| Work required |
Starting with the line that has "证券之星消息,9月17日,上" and finishing with the line that has "老公說先把機車騎去停好,要我跟小蜜桃在九份老街旁邊的涼亭等他", set down each line below exactly. Pictures are not copied.

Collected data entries
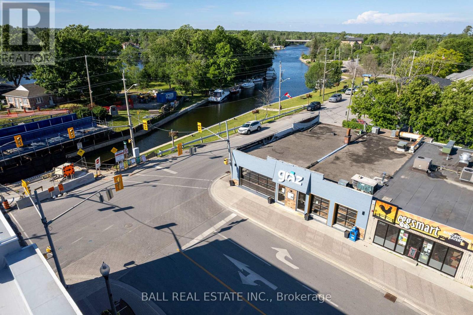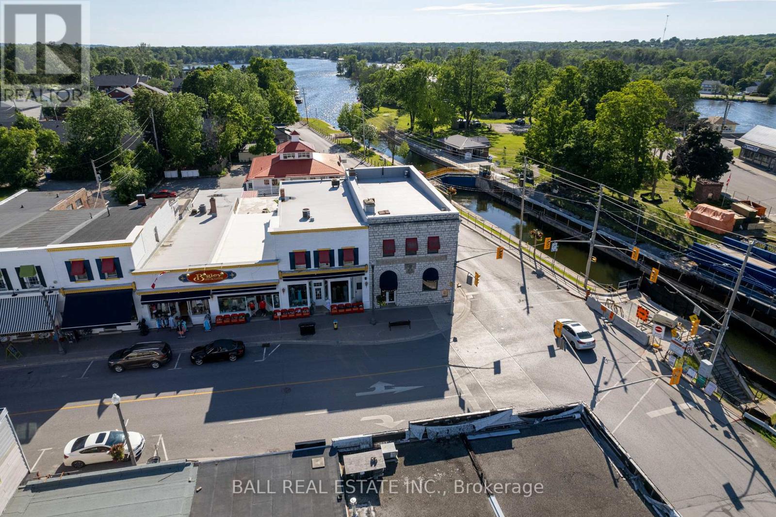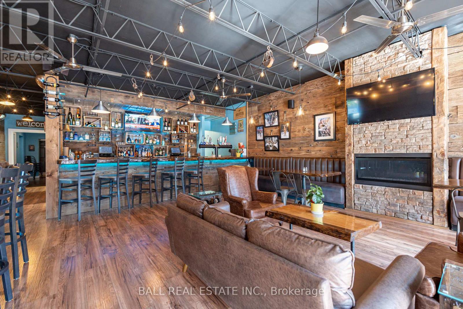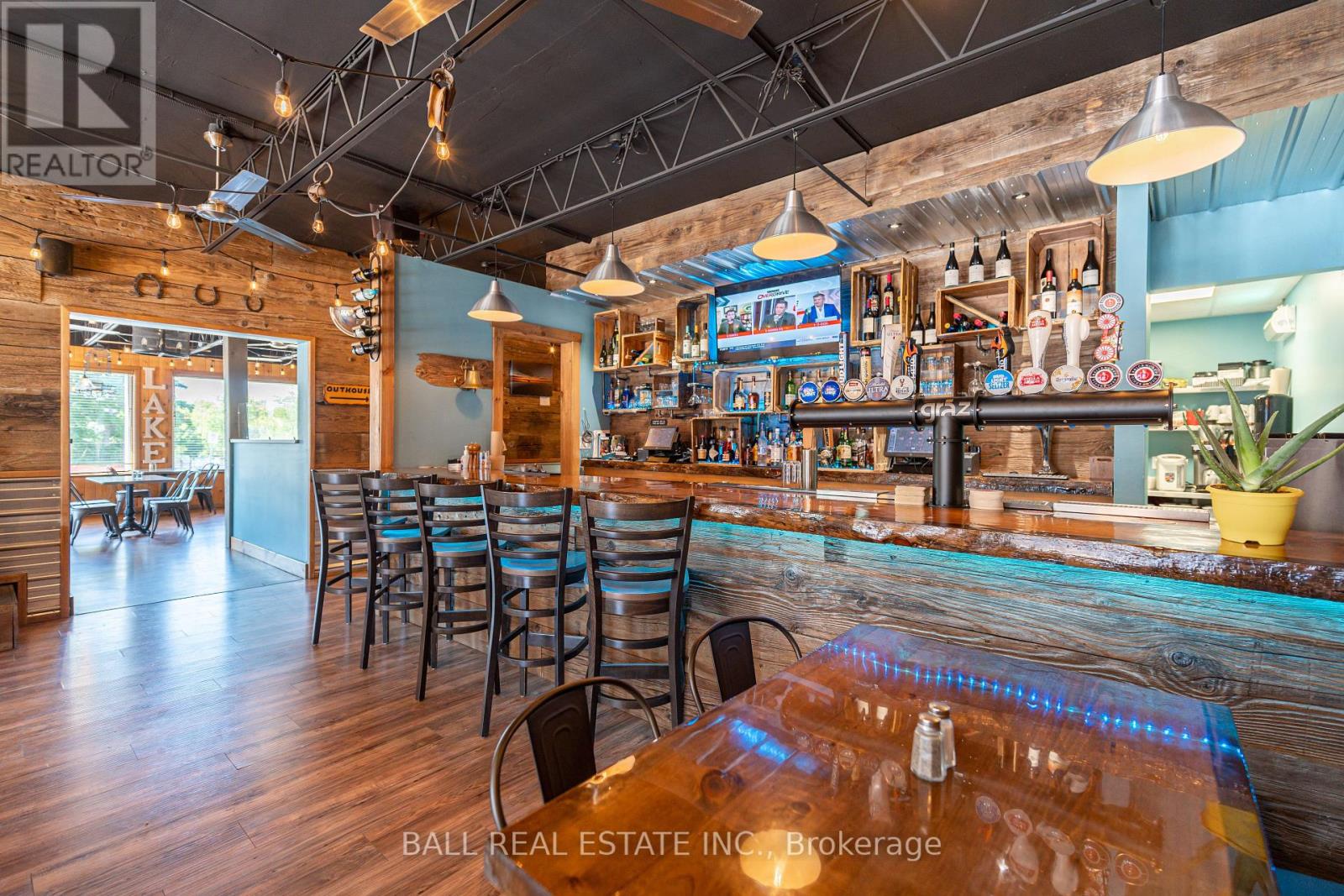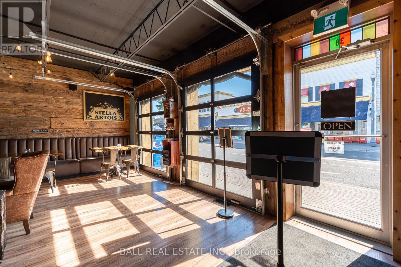 Prime Commercial Opportunity in the Heart of Bobcaygeon! Location is everything - and this property delivers. Ideally positioned on the prominent corner of Bolton & Canal Street directly across from Lock 32 of the iconic Trent-Severn Waterway, this standout building sits in the vibrant, high-traffic core of Bobcaygeon - the Heart of the Kawarthas and one of Ontario's most beloved tourist destinations. Surrounded by constant pedestrian, vehicle and boat traffic in a thriving waterfront community, this is a premier location to establish or expand your business. Just under two hours from the Greater Toronto Area, Bobcaygeon attracts steady seasonal tourism and strong local patronage year-round. This turnkey, double-wide commercial building comes complete with an extensive list of chattels, fixtures, and equipment - offering a seamless transition for new ownership. Currently configured with seating for 90 guests, the space can comfortably accommodate up to 140 patrons. The beautifully renovated interior showcases exceptional craftsmanship and thoughtful design throughout, including historic timber planks reclaimed from the Trent-Severn Waterway and a stunning live-edge bar that creates a warm, inviting atmosphere. Six oversized garage-style doors open fully to downtown and the Locks, providing an unmatched indoor-outdoor experience and an open-air patio feel. Two fireplaces add comfort and ambiance for cooler evenings. The flat rooftop presents an incredible opportunity to create a rooftop patio overlooking the Locks - a feature that could elevate this already impressive space even further. A rare opportunity to own a landmark commercial property in one of Ontario's most sought-after recreational communities. (id:64974)
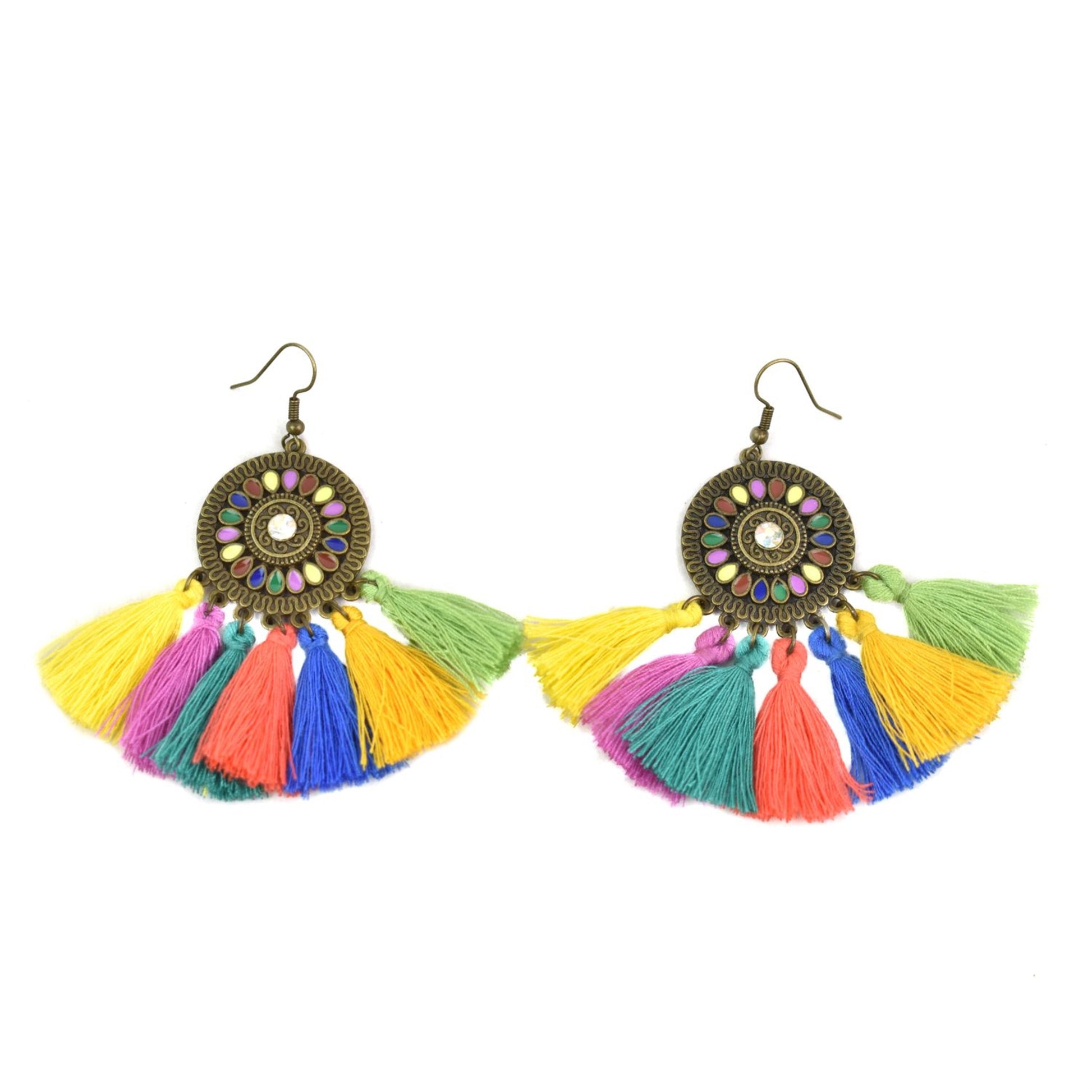 These trendy Selena Rainbow Tassel Earrings are crafted from non-tarnish zinc alloy and decorated with multi-colored tassels. The lightweight construction ensures comfort, while the color-coordinated design will add a touch of vibrant and fun style to your look.
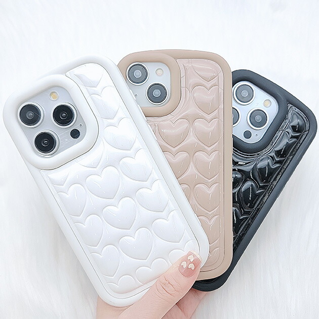 3D ハート ソフト iPhone ケース 女性 レディース スマホ カバー 光沢 TPU プラスチック ポリウレタン樹脂 カジュアル スポーティ 耐水 耐衝撃 ポップ 可愛い キュート カラフル ガ
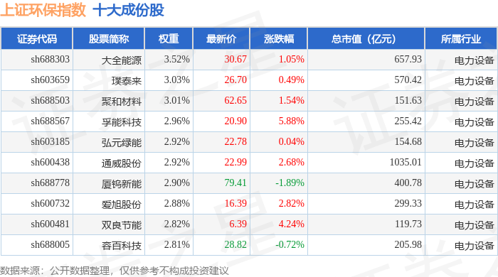 证券之星消息,9月17日,上证环保(000158)指数报收于1328.31点,涨1.64%,成交368.87亿元,换手率1.28%。当日该指数成份股中,上涨的有28家,奥特维以11.25%的涨幅领涨,下跌的有9家,阿特斯以2.56%的跌幅领跌。
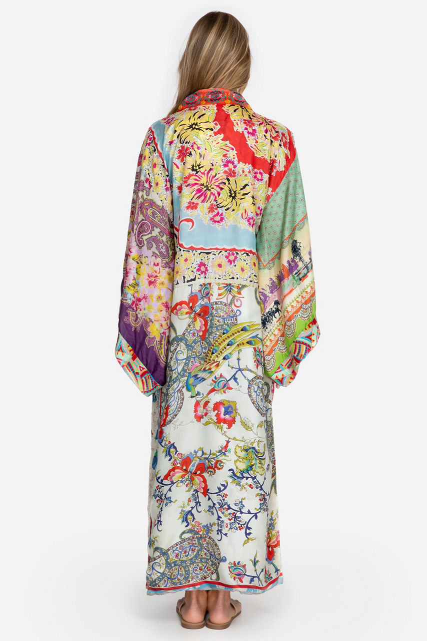 Crafted from luxurious silk, the Long Kimono features intricate prints that blend traditional artistry with modern elegance. Designed to celebrate timeless beauty and sophistication, each piece is a work of art with a limited quantity made in each colorway. This kimono is the perfect addition to any wardrobe for those who appreciate craftsmanship and exclusive design.
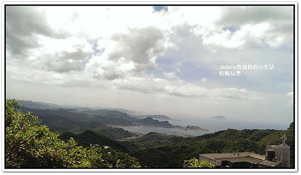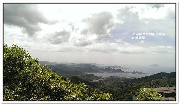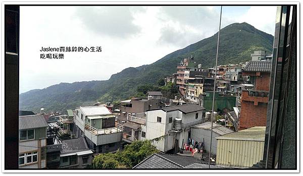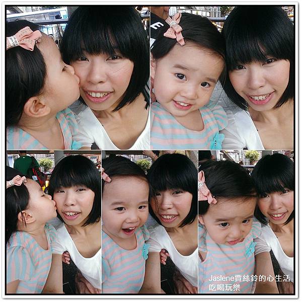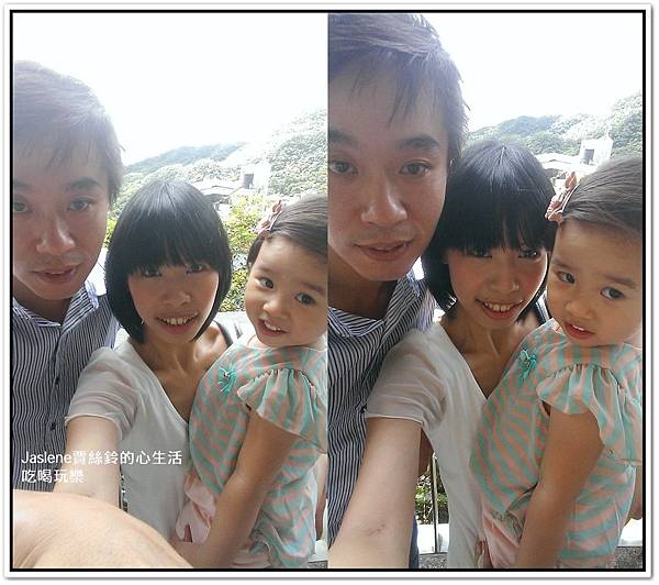 老公說先把機車騎去停好,要我跟小蜜桃在九份老街旁邊的涼亭等他
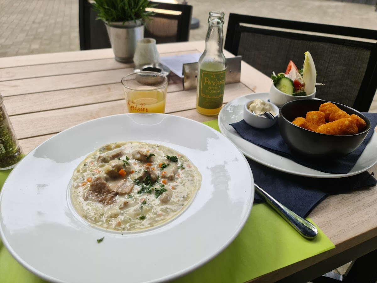 Eetcafé Den Bell also offers a range of other delicious options, such as the Perelaere, a traditional Belgian dish that never fails to impress. If you're in the mood for something a little more indulgent, the Vol Au Vent is a fantastic choice, featuring a rich, creamy filling encased in a delicate puff pastry shell. You can’t go wrong with the Spiegelei either, a simple but satisfying fried egg that is a beloved comfort food.
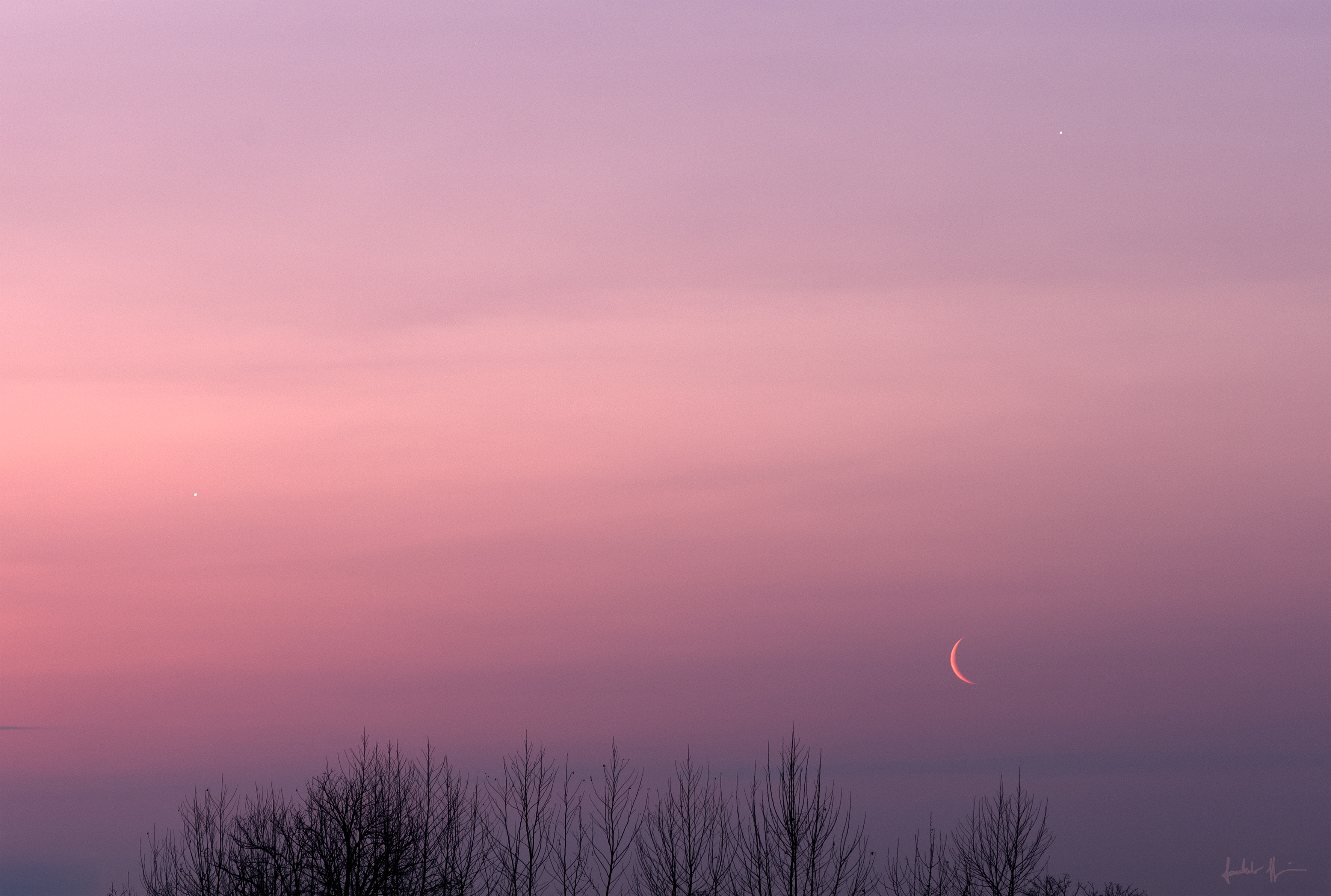 Sfida Luna-Giove-Saturno di Lamberto Sassoli. Una stupenda ripresa, al limite della visibilità della congiunzione tra la sottile falce di Luna e le prime apparizioni all'alba di Giove e Saturno. Per tutti i dettagli della ripresa cliccare sull'immagine. Crediti Coelum Astronomia/Lamberto Sassoli

| Answer box |
 证券之星消息,9月17日,上证环保(000158)指数报收于1328.31点,涨1.64%,成交368.87亿元,换手率1.28%。当日该指数成份股中,上涨的有28家,奥特维以11.25%的涨幅领涨,下跌的有9家,阿特斯以2.56%的跌幅领跌。
 Crafted from luxurious silk, the Long Kimono features intricate prints that blend traditional artistry with modern elegance. Designed to celebrate timeless beauty and sophistication, each piece is a work of art with a limited quantity made in each colorway. This kimono is the perfect addition to any wardrobe for those who appreciate craftsmanship and exclusive design.
 老公說先把機車騎去停好,要我跟小蜜桃在九份老街旁邊的涼亭等他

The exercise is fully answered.